Sunday Dinner – 15 April 2018

Cassoulet

This is a dish that I’ve been wanting to attempt for some time, but the prospect of finding duck and preparing the confit was daunting. Fortunately, I ran across this article from the Serious Eats Food Lab explaining that cassoulet shouldn’t be prescriptivist, but is actually a “medieval peasant dish designed to make do with whatever was around.” Writer and Chef J. Kenji López-Alt explains that with so much flavor packed into the cooking liquid you can use chicken and won’t miss the duck. Moreover, in head-to-head tests fresh poultry was actually juicier in cassoulet than the preserved duck, since it was cooked only once.

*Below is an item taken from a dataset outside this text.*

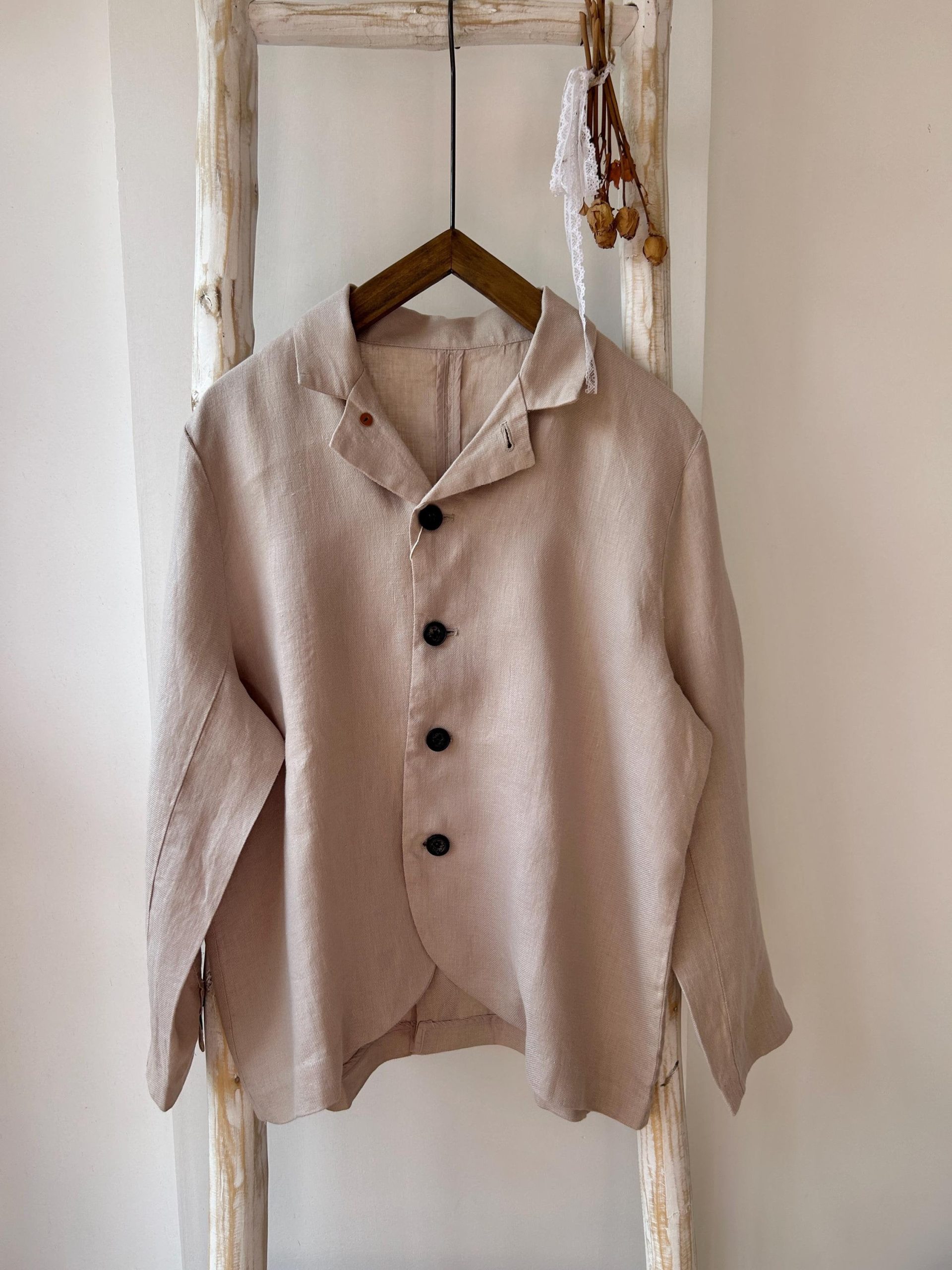 This is a special made linen smart casual jacket/ coat. It is suitable for all the casual occasion. The touch is soft, thin, and light. It would be perfect for matching dress or shirts.

I did take some other liberties with the recipe, substituting thick cut bacon for the salt pork, and leaving the vegetables in. I also left out the cloves and added a few other spices, and some diced tomatoes.

I started at about 9 AM, frying up a pound of hickory smoked bacon in the Dutch Oven. Once it was removed, I seasoned four chicken leg quarters with pepper, and cooked them in the bacon fat, two at a time, skin side down first for 6 minutes, then the other side for 3 minutes or so. Next I browned some mild Italian sausages.

I drained all but a few tablespoons of fat from the pot, and sautéed chopped onion, carrot and celery, adding a few cloves of minced garlic after a few minutes. Just a little red wine went in to deglaze, then came a pound of small white beans that had been soaking overnight in salt water, some bay leaves, thyme, rosemary, and paprika, a can of diced tomatoes, and a quart of chicken stock with three packs of Knox unflavored gelatin dissolved in it. This simmered, covered on the range top for 45 minutes.

The bacon and sausages went in next, and the chicken nestled on top before the pot was placed in a 300°F oven, uncovered. After a couple hours, I kicked the temp up to 350, and checked every half hour, disturbing the crust with a spoon. The chicken was plenty done after four hours, so I pulled it off to a plate and let everything else cook for one more hour before serving.

I don’t think I’ve ever tasted more tender, juicy or flavorful chicken, and this grownup version of “beanie weenies” is the heart and soul of comfort food – perfect for a dreary, chilly Sunday. We served the meal with Wulff Salad, a couple baguettes, and a very nice Cabernet Sauvignon from Bordeaux.

For dessert, Claudia made chocolate mousse with fresh whipped cream. Absolutely incredible.

Chocolate Mousse

When I think of “French Cooking” in the abstract, it seems so high tone and refined and snooty. But it turns out that my favorite French dishes (coq au vin, beef bourguignon, cassoulet) are all hearty peasant food. This meal did take some planning and quite a bit of work to prepare (more than two hours before it was assembled and in the oven), but it was certainly worth the trouble.

Our favorite local butchers, Southside Meats, do carry duck, so I’ll be tempted to try it next time. Although at 99 cents a pound, the chicken will be pretty hard to beat. 🙂

Louisiana Red Beans and Rice

red-beans-rice

This was made in the crock pot, not on the grill, but it was wonderful – one of our favorite recipes.

It starts with sautéed onions, celery and garlic. Then in addition to the beans there is Worcestershire Sauce, fresh parsley, dried cayennes, bay leaves, green bell pepper, cracked black pepper, Crystal Sauce and a little liquid smoke flavoring.